- _Exercise details_: Reproduce, without alteration, every line of the data; exclude the images.

- _Provided data_:

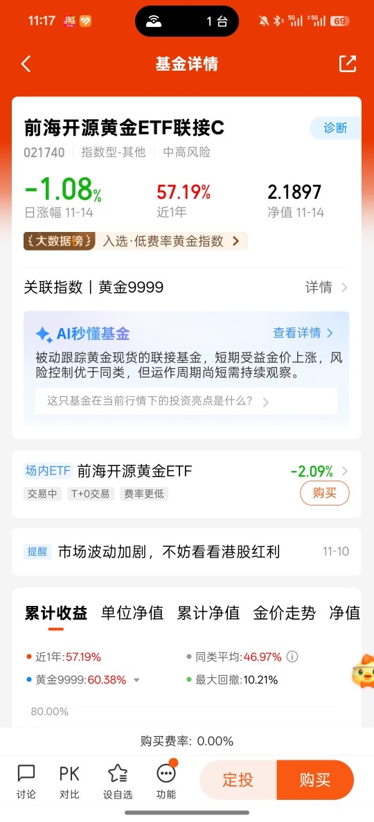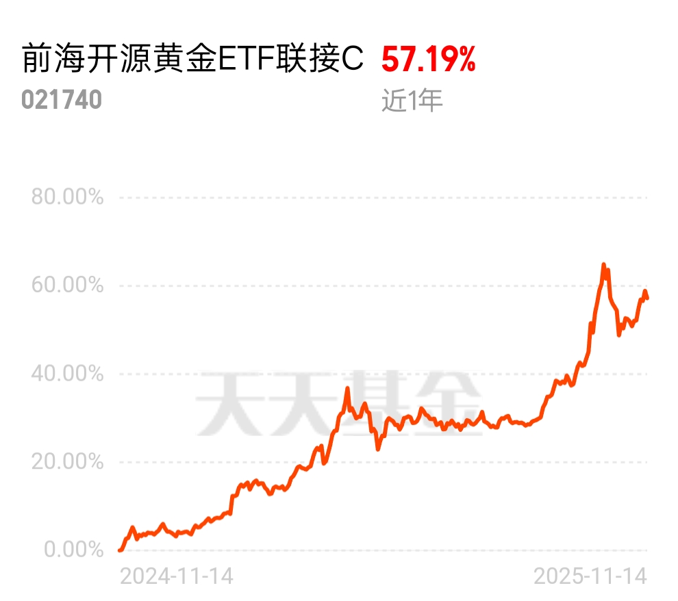 是场外布局黄金的优质选择,凭借多重核心优势成为不少投资者的配置优选。这只中风险基金聚焦黄金资产,90%以上资产投向前海开源黄金ETF,紧密跟踪上海黄金交易所Au99.99现货价格,在全球经济波动、通胀压力下,能凭借黄金的避险属性为资产组合提供抗风险对冲。业绩表现上,其长期收益亮眼,近12个月涨幅达57.19%,成立以来收益率67.09%,年化收益率48.02%,跟踪基准效果稳定。费率与门槛方面更是亲民,作为C类基金免申购费,仅计提销售服务费,适合中短期持有,且10元起投的低门槛,让普通投资者无需高额资金就能参与黄金投资。此外,基金由从业超4年的梁溥森、孔芳共同管理,专业团队的运作经验为基金稳健运行保驾护航,无论是想分散风险还是把握黄金行情,这只基金都是便捷且靠谱的选择。@前海开源基金
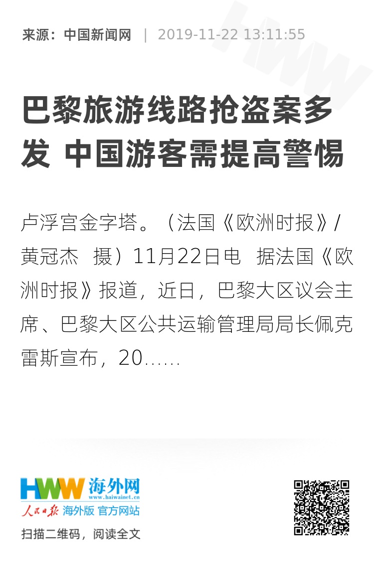 巴黎警察局长迪迪埃•拉勒芒(Didier Lallement)2019年10月公布最新巴黎街头暴力犯罪报告称,自2019年初以来,包括暴力抢劫在内的人身攻击案件发生了3.5万起,比2018年同比增加9%。非暴力偷窃案达18万起,同比增加13%。
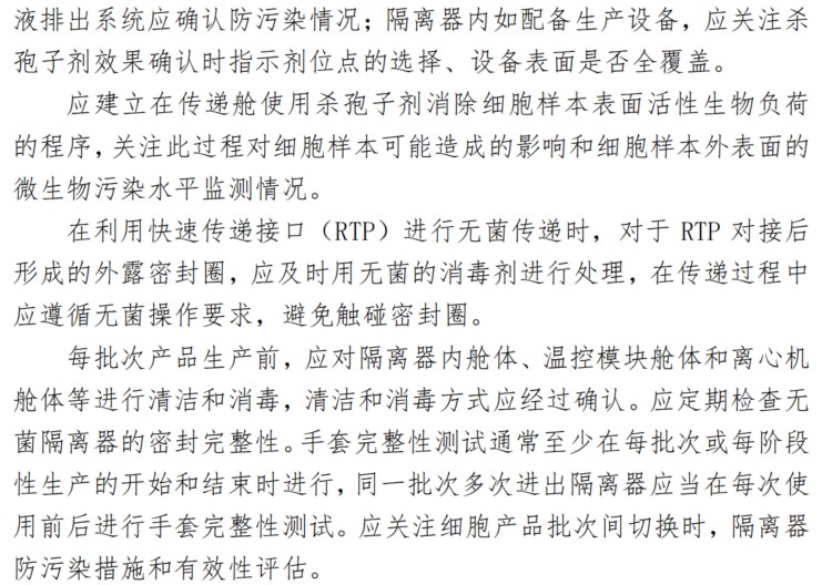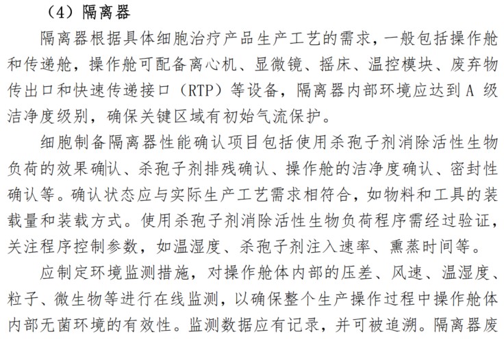 隔離器是細胞治療產(chǎn)品生產(chǎn)的常見設備,是無菌生產(chǎn)的必要條件,《指南》中對隔離器的要求主要包括以下幾個方面:

- _Problem solution_:
 是场外布局黄金的优质选择,凭借多重核心优势成为不少投资者的配置优选。这只中风险基金聚焦黄金资产,90%以上资产投向前海开源黄金ETF,紧密跟踪上海黄金交易所Au99.99现货价格,在全球经济波动、通胀压力下,能凭借黄金的避险属性为资产组合提供抗风险对冲。业绩表现上,其长期收益亮眼,近12个月涨幅达57.19%,成立以来收益率67.09%,年化收益率48.02%,跟踪基准效果稳定。费率与门槛方面更是亲民,作为C类基金免申购费,仅计提销售服务费,适合中短期持有,且10元起投的低门槛,让普通投资者无需高额资金就能参与黄金投资。此外,基金由从业超4年的梁溥森、孔芳共同管理,专业团队的运作经验为基金稳健运行保驾护航,无论是想分散风险还是把握黄金行情,这只基金都是便捷且靠谱的选择。@前海开源基金
 巴黎警察局长迪迪埃•拉勒芒(Didier Lallement)2019年10月公布最新巴黎街头暴力犯罪报告称,自2019年初以来,包括暴力抢劫在内的人身攻击案件发生了3.5万起,比2018年同比增加9%。非暴力偷窃案达18万起,同比增加13%。
 隔離器是細胞治療產(chǎn)品生產(chǎn)的常見設備,是無菌生產(chǎn)的必要條件,《指南》中對隔離器的要求主要包括以下幾個方面:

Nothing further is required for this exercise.